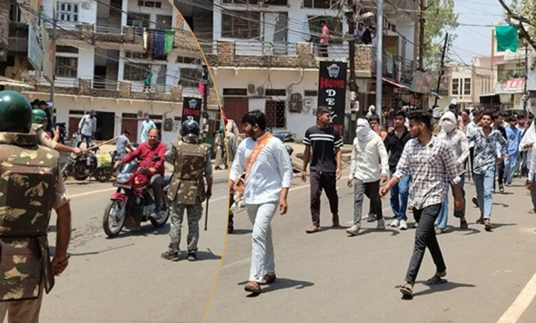 गुना में हनुमान जन्मोत्सव के दिन शोभायात्रा पर हुए हमले के विरोध में विश्व हिंदू परिषद और बजरंग दल ने शहर में प्रदर्शन किया
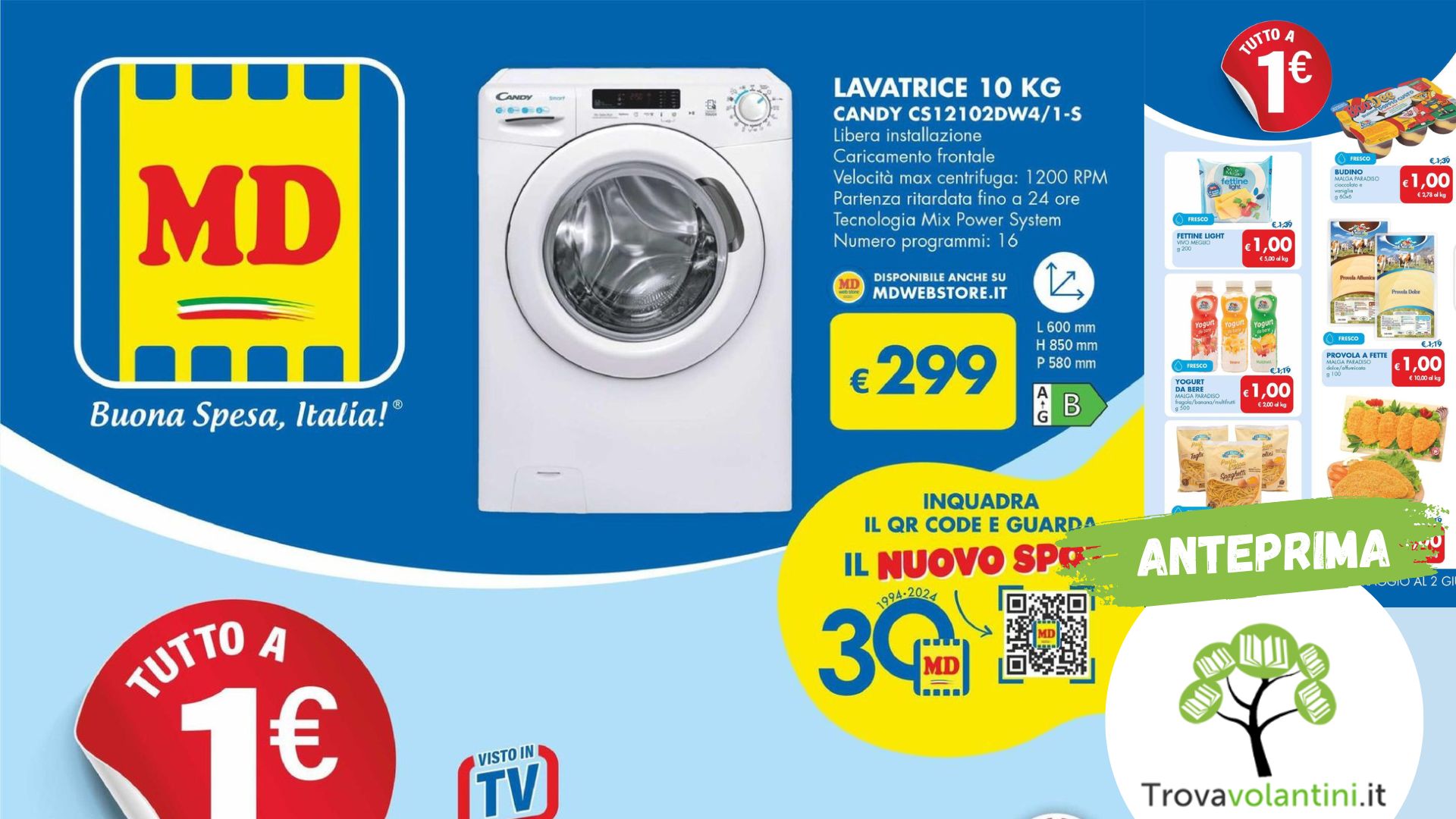 Il nuovo volantino MD per il periodo dal 21 maggio al 2 giugno 2024 si apre con una copertina che cattura immediatamente l’attenzione dei consumatori, invitandoli a scoprire offerte straordinarie. La promozione si apre con un’offerta imperdibile: una lavatrice ad alta efficienza energetica a soli 299€, con uno sconto del 36%. Questa lavatrice, con la sua capacità e le sue funzioni avanzate, rappresenta un investimento intelligente per tutte le famiglie che desiderano combinare risparmio ed efficienza.
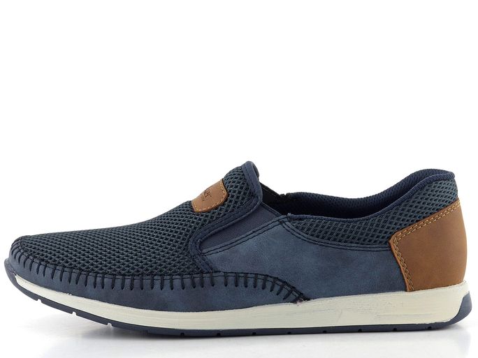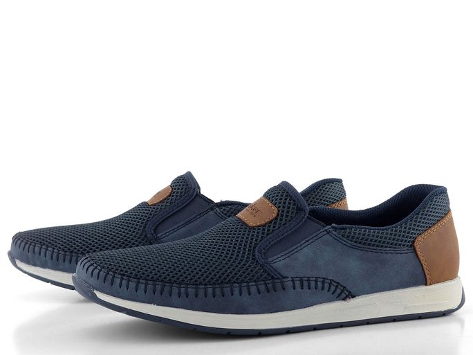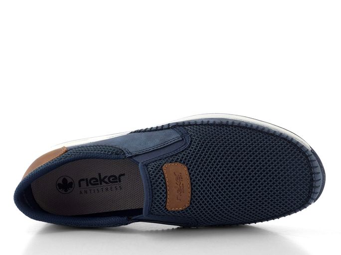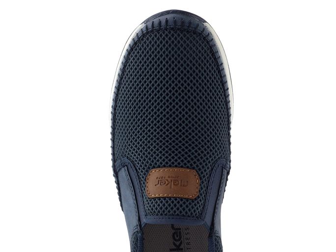 Pánské nazouvací polobotky od značky Rieker jsou ideálním společníkem pro jarní a letní dny. Styl mokasín v tmavě modré barvě s elegantními světle hnědými detaily dodává na atraktivitě. Svršek je vyroben z kombinace hladké syntetiky a prodyšné textilie, což zajišťuje pohodlí po celý den. Pružné vsadky na nártu usnadňují obutí a polstrovaný patní lem poskytuje dodatečný komfort. Uvnitř se nachází měkká vyjímatelná vložka s textilním potahem, která podporuje zdravý krok. Lehká a ohebná syntetická podešev je ideální pro městské procházky i formální příležitosti. Vybavte se kvalitním kouskem, který spojuje styl a pohodlí.
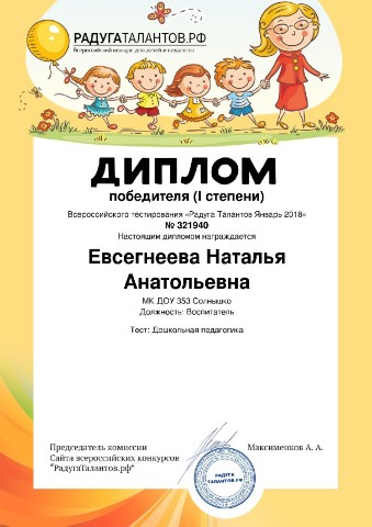 Евсегнеева Наталья Анатольевна - победитель I степени Всероссийского тестирования "Радуга талантов". Дошкольная педагогика |
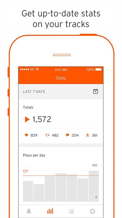 アプリ内の統計機能を使えば、投稿した音楽にどれだけのアクションがあったか一目で分かる!
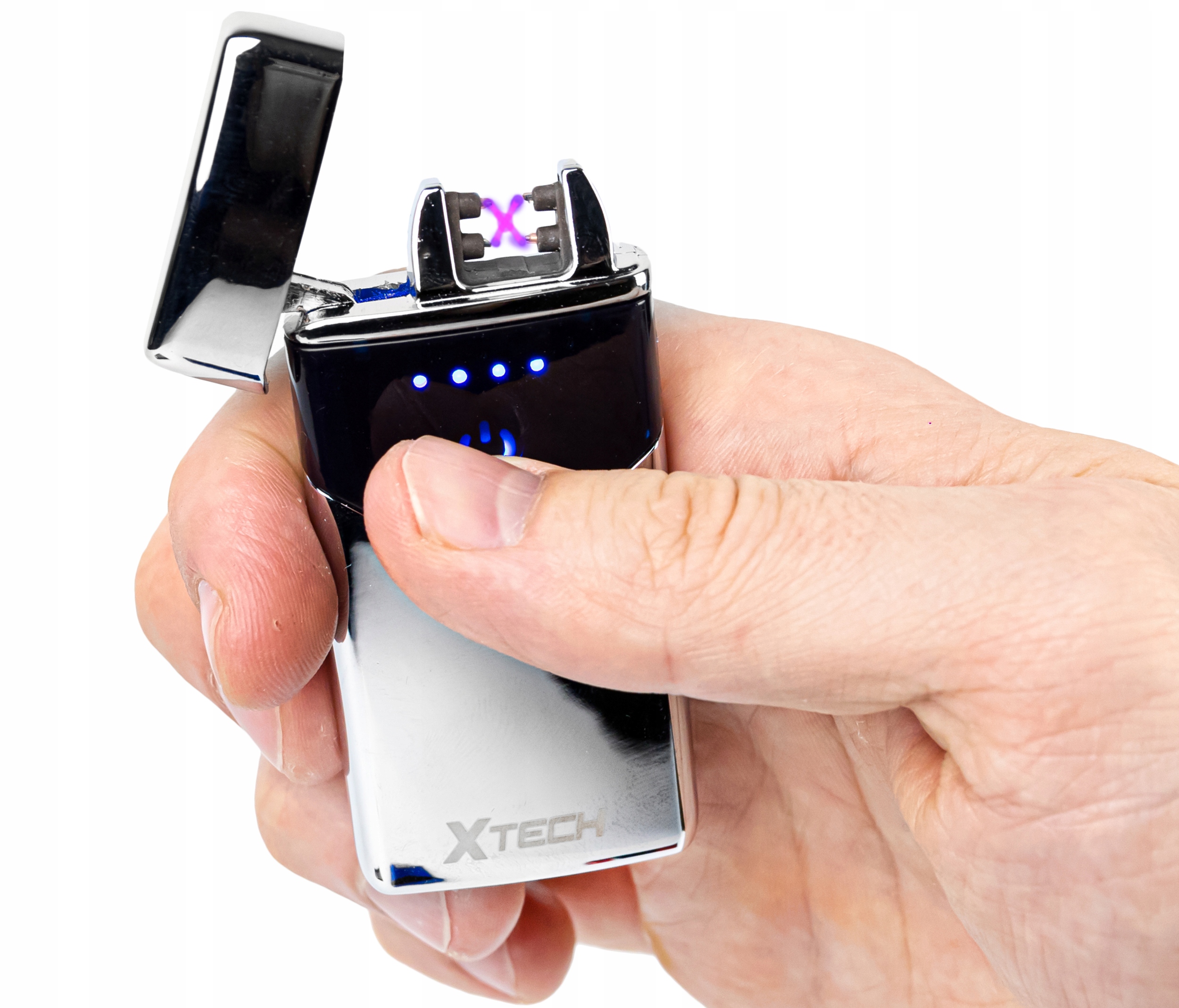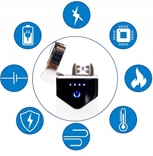 - Przenośna zapalniczka z łukiem świetlnym, ładowana przez USB. Po naładowaniu lub otwarciu osłony bezpieczeństwa zapala się wskaźnik naładowania baterii.

## Task
Print the entries as they stand, first line through the line holding "Il nuovo volantino", with every picture removed.

## Result of the task
 गुना में हनुमान जन्मोत्सव के दिन शोभायात्रा पर हुए हमले के विरोध में विश्व हिंदू परिषद और बजरंग दल ने शहर में प्रदर्शन किया
 Il nuovo volantino MD per il periodo dal 21 maggio al 2 giugno 2024 si apre con una copertina che cattura immediatamente l’attenzione dei consumatori, invitandoli a scoprire offerte straordinarie. La promozione si apre con un’offerta imperdibile: una lavatrice ad alta efficienza energetica a soli 299€, con uno sconto del 36%. Questa lavatrice, con la sua capacità e le sue funzioni avanzate, rappresenta un investimento intelligente per tutte le famiglie che desiderano combinare risparmio ed efficienza.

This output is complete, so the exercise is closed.